Justine Toh examines the portrayal of God found in Only God Forgives

Only God Forgives, declares the title of the latest winner of the 2013 Sydney Film Festival’s’ Official Competition, and now in limited release in cinemas across Sydney. But after watching the film, which was first heckled at the Cannes Film Festival and has sharply divided critics ever since, it’s hard not to draw the conclusion that while God may forgive, he’s certainly not likely to.


At first glance Only God Forgives seems an unlikely film to be interested in such matters sacred. Ryan Gosling, reuniting with Drive director Nicholas Winding Refn, plays Julian, who runs a Thai boxing club as a front for shadier activities. After Julian’s older brother Billy is killed their mother Crystal, Kristin Scott Thomas’ icy crime matriarch, demands Julian seek revenge on the man who did the deed. This chain of events draws Julian into an inexorable showdown with Chang, Vithaya Pansringarm, a local cop who not only acts as both judge and executioner but who also provokes the film’s bigger questions concerning divine mercy and justice.

Chang seems like a mild-mannered granddad, one who has a soft spot for the young girl in his care and quite enjoys a turn at the mike during karaoke night. But he’s not a man to mess with. He conducts impromptu night-time trials that draw out the varying degrees of guilt of those under interrogation before carrying out his idea of the appropriate sentence, courtesy of a blade he wields with deadly skill.

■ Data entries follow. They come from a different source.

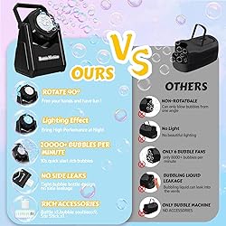 20000+ Bubbles Filling the Air and Creating a Fun and Festive Atmosphere.15 bubble wands and powerful wind designed as more bubble hole and faster speed can produce more bubbles, improving satisfying experience.This bubble machina is handy and convenient, making it a popular choice of bubble machine for partiesfor those who want to create a fun and bubbly atmosphere without much effort. Lights Effect and Adjustable the launch angle by 90° Bring Extra Level of Excitement. The bubble machine not only kids outdoor toys but also serves as a great distraction for children during medical procedures, providing entertainment for hours. It helps to alleviate their fear and anxiety, making the experience less stressful for both the children and their parents. (4AAbatteries-not included) Upgraded Bubble Maker with No Leakage Design Sufficient for Prolonged Use. Fully enclosed design whitout leakage problem, it won't stain your hands and mess everywhere. With 200ml high-capacity liquid tank for 30mins continuous use, enjoy uninterrupted bubbles fun! Also Comes with 9 packs bubble water for bubble refill. Durability and Ease Of Use: Our bubble blower is easy for even toddlers to hold, reducing the effort required to blow bubbles and making it easy to load the bubble water. This ease of use makes the product more enjoyable for all ages. Popular Party Favor for Kids and Providing Entertainment for Hours. Bubble machine for kids is a hit at children's birthday parties, is a fun outdoor toy and engaging activity for kids, keeps children busy and is fun to play with, making bubble maker a ideal gift for children, grandchildren, and pre-kindergarten students on summer Birthday, yard and park bubble-chasing fun more enjoyable, and it's also a special treat for parade attendees such as Independence Day National Day Thanksgiving Halloween Christmas Battery Operated Note: Please use a stronger batteries to operate. If your batteries are on the weaker side, it will appear to function but won't actually blow bubbles. Rather, it'll just make soap suds. Replacing with stronger batteries was all it took for amazingness bubble fun to happen!
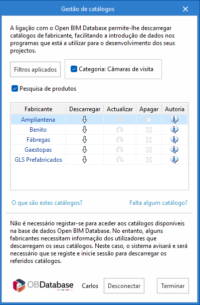1. Gerir os catálogos de fabricante, com o objetivo de facilitar a introdução de dados no projeto.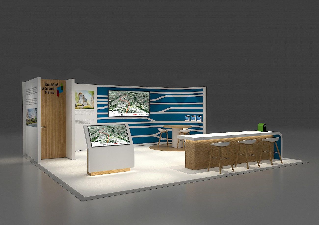Traduire le mouvement la modernité, l’action et l’institution dans un geste fort et déclinable sur des surfaces variables, communiquant tantôt sur ses projets d’aménagements urbains, tantôt sur ses réseaux, nous devions marquer les esprits avec un environnement architectural ambitieux et souple à la fois.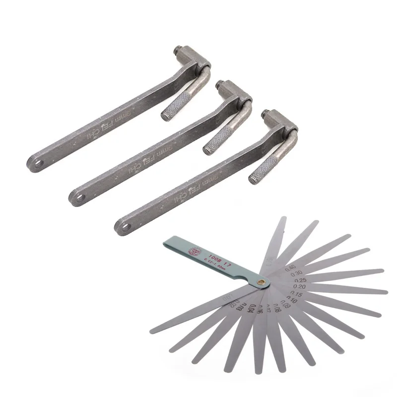 6pcs/lot Universal Motorcycle Engine Valve adjustment tool valve screw wrench 3/3.5/4mm 8mm 9mm 10mm Feeler gauge 0.02 to 1mmPackage Including:1*8mm Valve Wrench1*9mm Valve Wrench1*10mm Valve Wrench1* Feeler Gauge ( 0.02-1)

Early on in the film, Chang calmly grills the grieving father whose daughter has been raped and killed by Billy, asking how he, the father, could have prostituted his daughters in the first place. Chang then metes out his own brand of punishment by lopping off the father’s hand “for the sake of your living daughters”.

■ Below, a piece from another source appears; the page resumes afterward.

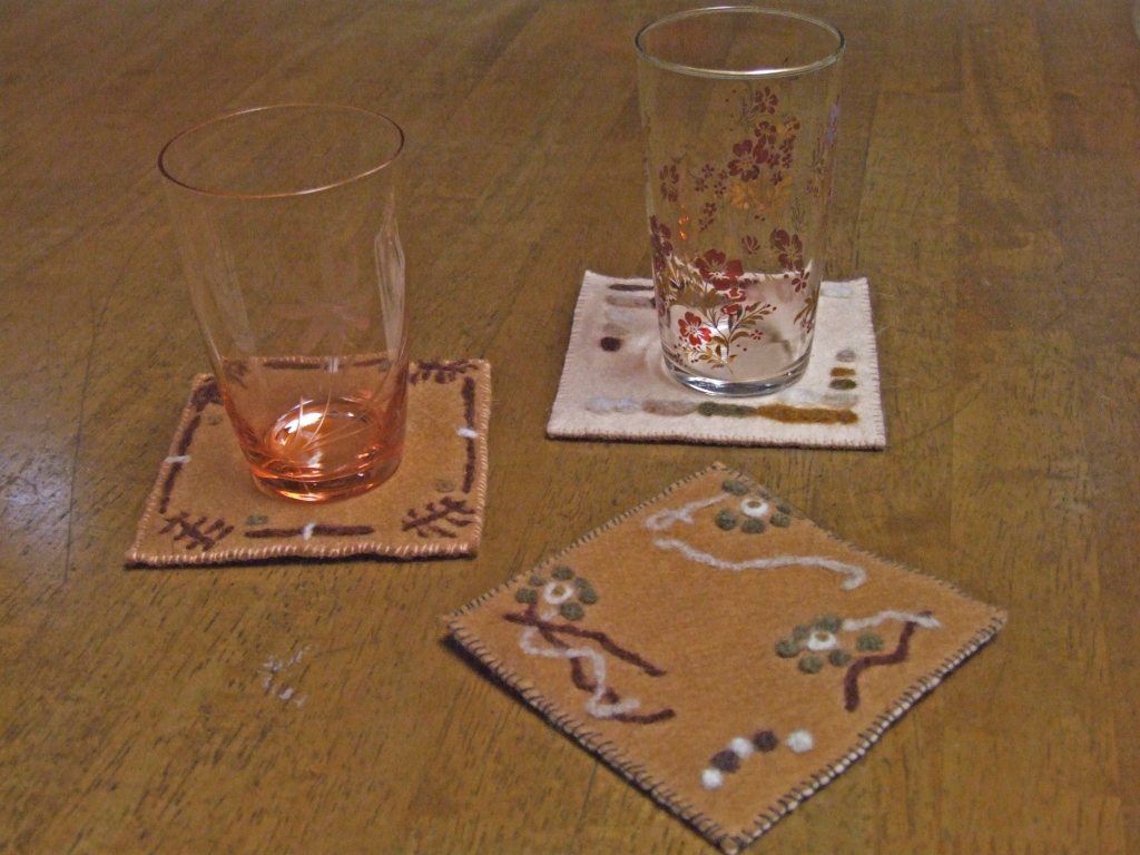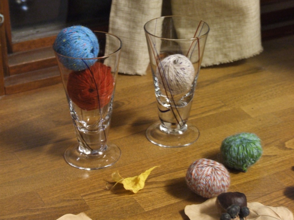 レトロなグラスと、ほっこりとした手作りのコースターとか、手紬の毛糸とか。

Chang, then, is no ordinary cop but the ‘god’ of the film’s title who is charged with a sense of his own righteousness and invulnerability. He seems omniscient in his intuitive sense of people’s guilt and the way he effortlessly anticipates people’s moves before even they know what they’re going to do next. Then there’s his blade. It’s never seen strapped to his back but he never fails to draw it out of thin air. And he never loses, as Julian is to find out when he challenges Chang to a fight.

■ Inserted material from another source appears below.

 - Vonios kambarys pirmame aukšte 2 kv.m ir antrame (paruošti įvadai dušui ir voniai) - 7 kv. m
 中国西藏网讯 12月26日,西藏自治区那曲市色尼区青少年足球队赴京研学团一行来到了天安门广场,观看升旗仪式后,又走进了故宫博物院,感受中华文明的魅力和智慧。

As director Nicholas Winding Refn tells it in the film’s press notes, the original intent behind Only God Forgives was to make a film “about a man who wants to fight God”. “When I was writing the film,” he says, “I was going through some very existential times in my life—we were expecting our second child and it was a difficult pregnancy—and the idea of having a character who wants to fight God without knowing why very much appealed to me.”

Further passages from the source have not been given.